When Rabbi Richard Levy’s On Wings of Awe debuted 25 years ago, it was a radical prayer book used for Rosh Hashanah and Yom Kippur that provided occasional transliterations of Hebrew text, included Jewish matriarchs in prayer along with the patriarchs, and dealt sensitively with gender issues in providing translations. It may seem commonplace now, but these were innovations for a machzor then, and it felt right at home at Hillel foundations nationwide.
Now, as the book celebrates a quarter-century, KTAV Publishing House asked Levy, a former Director of the School of Rabbinic Studies at Hebrew Union College-Jewish Institute of Religion in Los Angeles and a past President of the Central Conference of American Rabbis (CCAR), to revise it for a new generation of Jews. As a result, every Hebrew prayer in the book has been transliterated, a testament to the expanded desire of worshippers to pray in Hebrew even if they cannot read or understand it.
“This is particularly important on these days when so many Jews who may have little contact with prayer throughout the year want to pour out their deepest thoughts and hopes, not only through elegant English offerings but by participating in Hebrew prayers that may carry deep associations for them.
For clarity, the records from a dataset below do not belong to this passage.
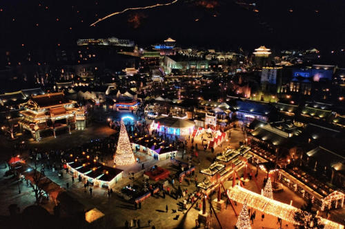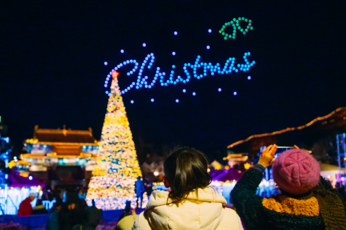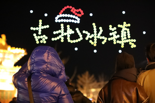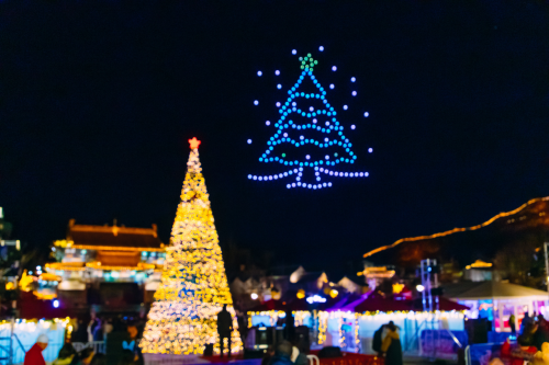 当热闹与欢乐席卷日月岛广场,圣诞树、圣诞礼物盒、圣诞老人、带有圣诞帽的“古北水镇”字样...限定版无人机交织出绚烂的画面,勾勒出一幅幅璀璨的光影场景,在冬日的“北国风光”中,照亮了整个古北水镇。
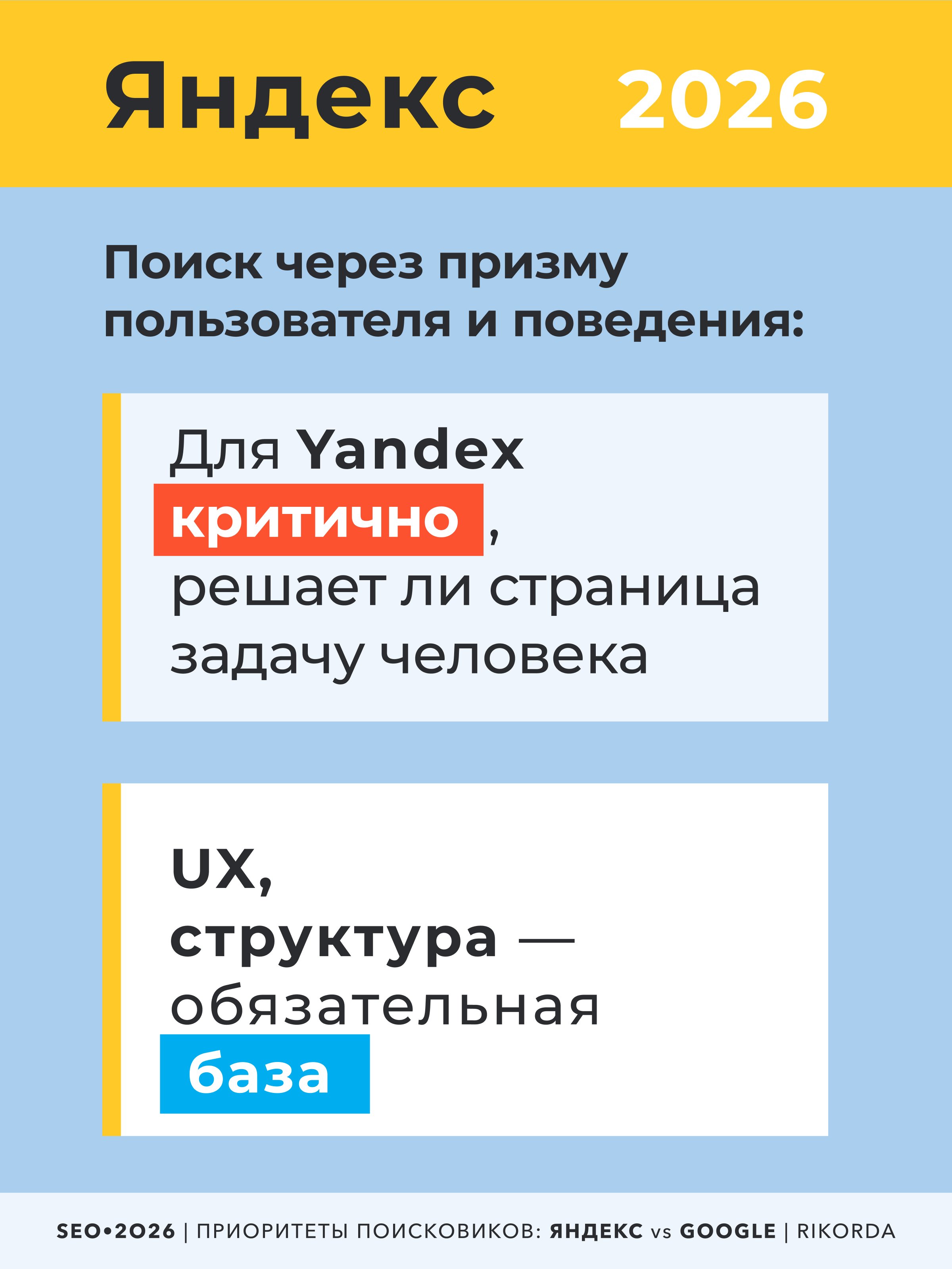 Несмотря на схожие технологические тренды, Яндекс и Google по-разному оценивают качество сайтов и расставляют акценты в ранжировании. Попытка оптимизироваться «одинаково под всё» всё чаще приводит к нестабильным результатам.
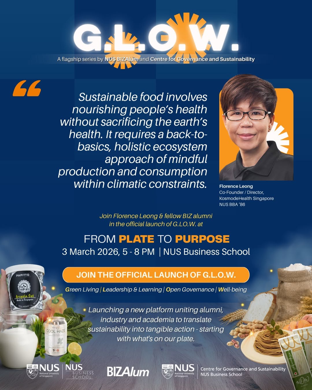 Join our launch, where Florence Leong and fellow BIZ alumni, Prof Lawrence Loh (Director, Centre for Governance and Sustainability (CGS), NUS BBA (Hons) ‘85) and Kenny Eng (Founder & Chief Farmer, The Local Farm, BSc Hons RE ’99) will discuss green living and sustainable choices. Network with professionals and students passionate about sustainability.
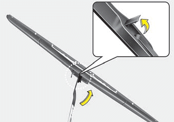 2. Drehen Sie die Wischerblattklammer und heben Sie sie dann an.
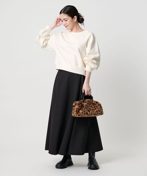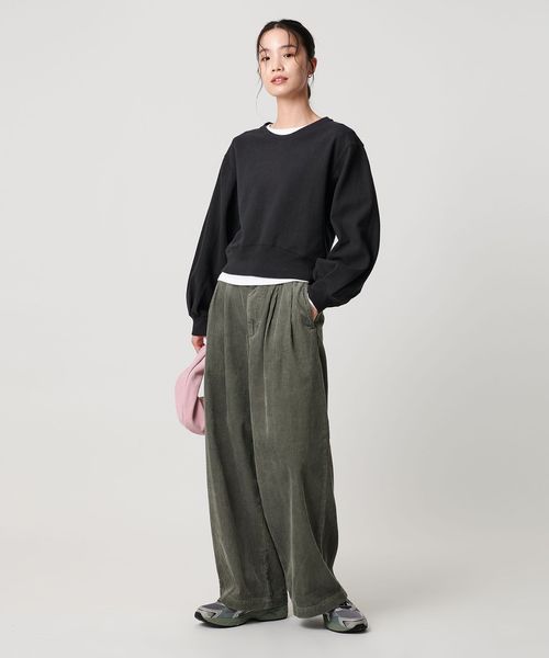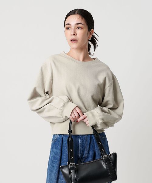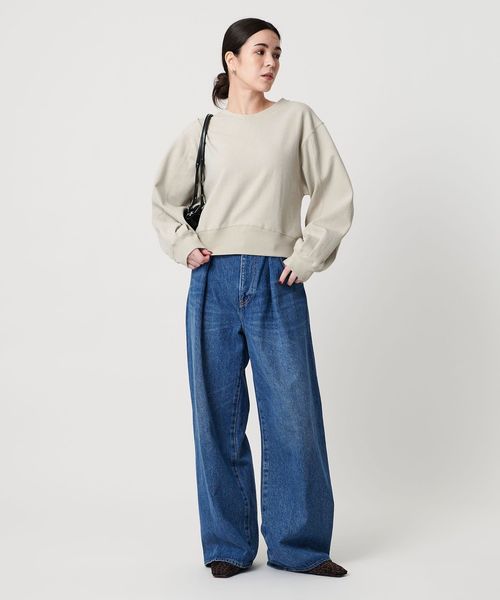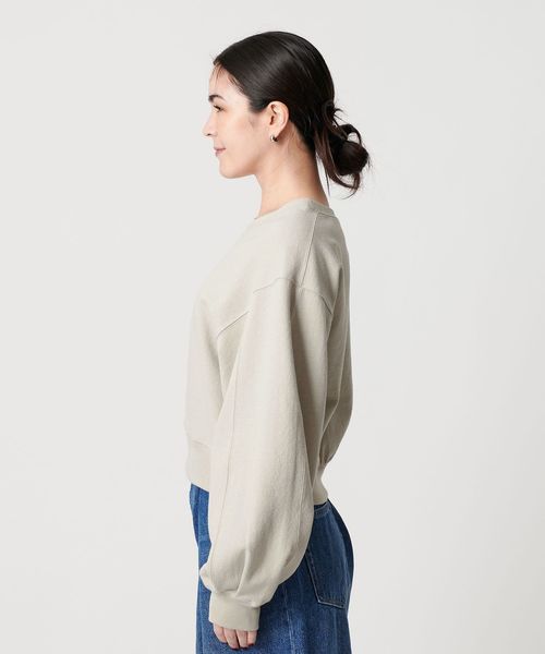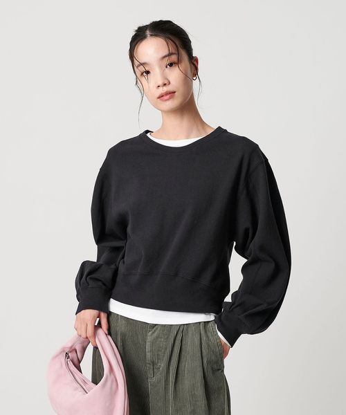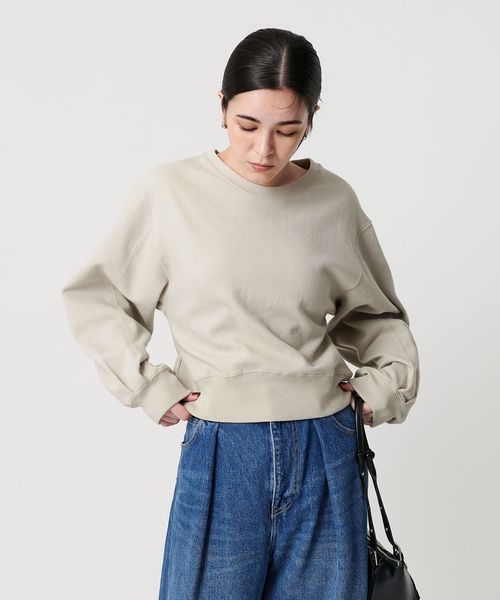 たっぷりとしたボリュームスリーブとショート丈の身頃が旬なバランスで、ワイドパンツやスカートに合わせやすいシルエットに仕上げました。

If they cannot read Hebrew letters this door is closed to them,” Levy says.
There are other changes too: more poetic translations, new interpretive readings, introspective questions, and added prayers all further engage worshipers with the texts and deepen their encounter with God. The book is well suited for Hillels as well as alternative High Holy Day services that Reform, Conservative and Reconstructionist congregations may create. Reform temples might consider using it until a new High Holy Day machzor is published by the CCAR.
Levy, the book’s editor and translator, currently serves as Rabbi of Campus Synagogue and Director of Spiritual Growth at HUC-JIR’s Jack H. Skirball Campus in Los Angeles.